Hermione shook her head. "No, no! A muggle, in other words an ordinary human being."
Cato rolled his eyes, "So what are you? A deranged guinea pig?" (Draco the Sex King liked this)
Ron's mouth dropped open. "How dare you call my wife that?"
Cato's eyes widened. "Wife? The deranged guinea pig is married?" *Dies of shock*
(Daisy Flower enters the conversation)
"Cato dear, it's not nice to make fun of people." Daisy Flower said softly.
Cato nodded quickly, "Of course love."
Draco looked at Cato's comment in disbelief, "Wait, I thought you were dead?

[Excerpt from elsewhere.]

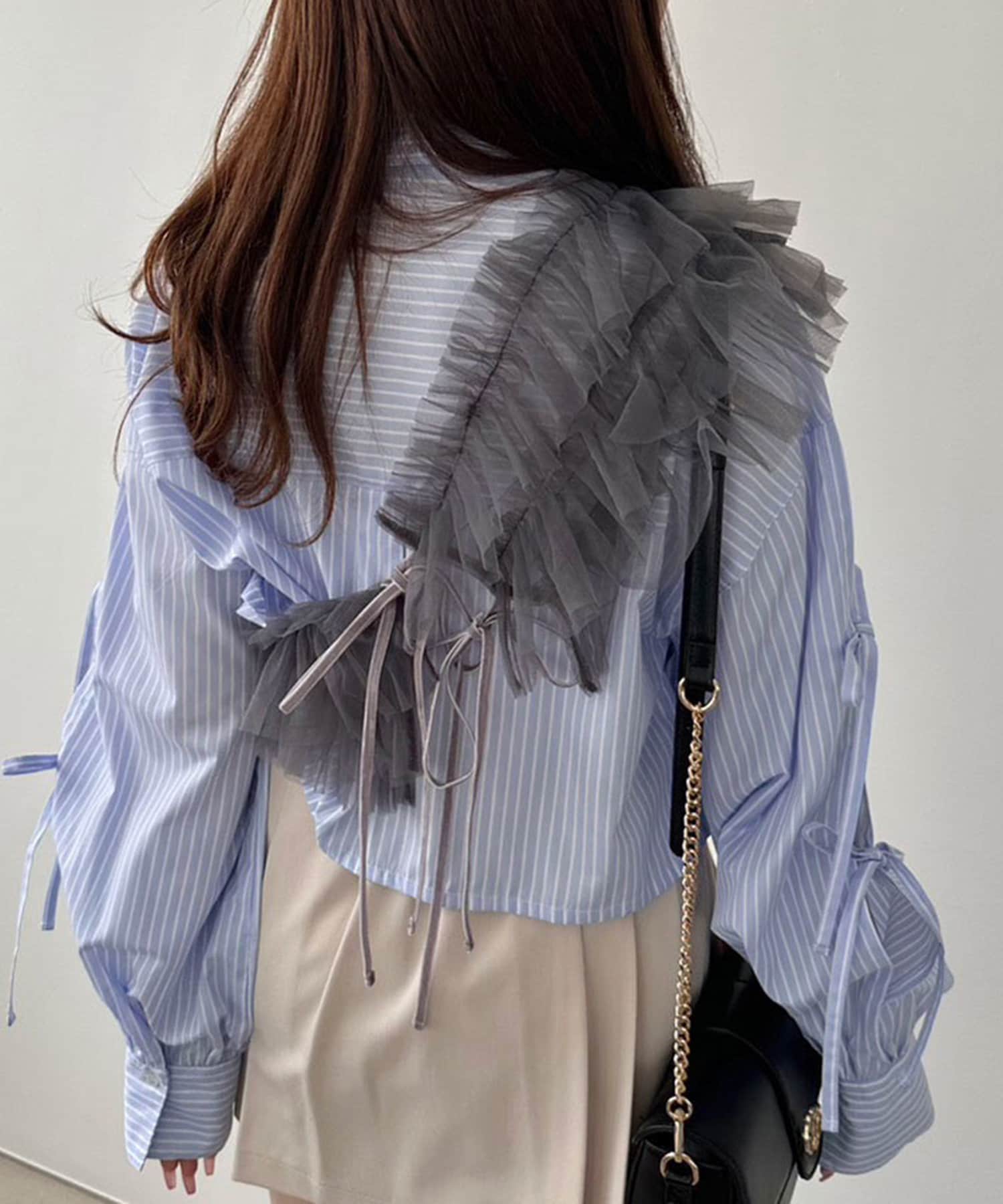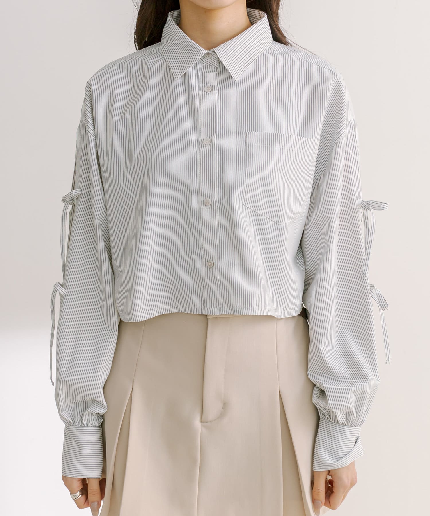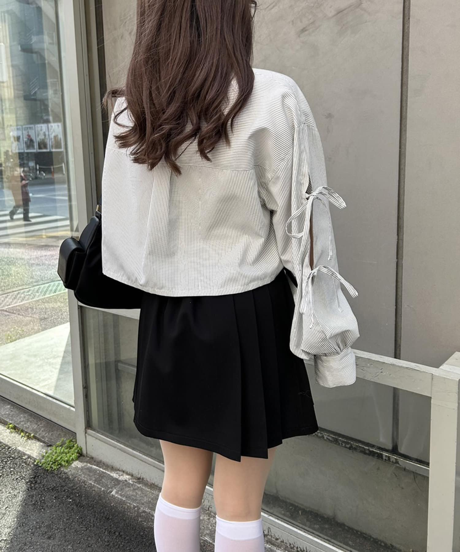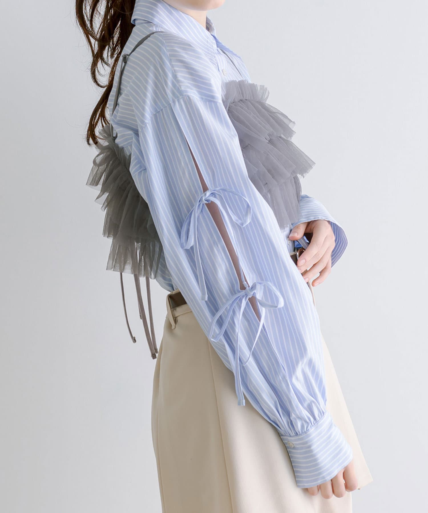 ・バレエコアの流行りで大人気のリボンディティールが可愛いシャツ。

And who is this flower person? Why are all of you commenting on Luna's wall?"
Luna Loves Nargles interrupts, "They're my friends Draco! Be nice."
Draco nearly faints, "Friends? Cato the Sexy King is your friend?!"
Cato smirked, "Ha! You just admitted that I'm sexy! Loser!"
"Loser? I didn't know we were playing a game! That's cheating! Go get your broom; I challenge you to a Quidditch match!"
"Broom? Quidditch? Man, you should be in a mental hospital! You're crazy!"
"Cato! Apologize!" Daisy scolded.
Cato sighed, "Okay okay, I'm sorry that you're mental. I hope you get better soon." (Hermione the Intelligent like this)
Daisy shook her head, "CATO!"
Cato frowned, "What? I apologized!" *Makes an innocent face*
(Daisy Flower, Cato the Sexy King and Hermione the Intelligent leave the conversation)
Luna broke the silence, "Well, that went well. Anyone want butterbeer?"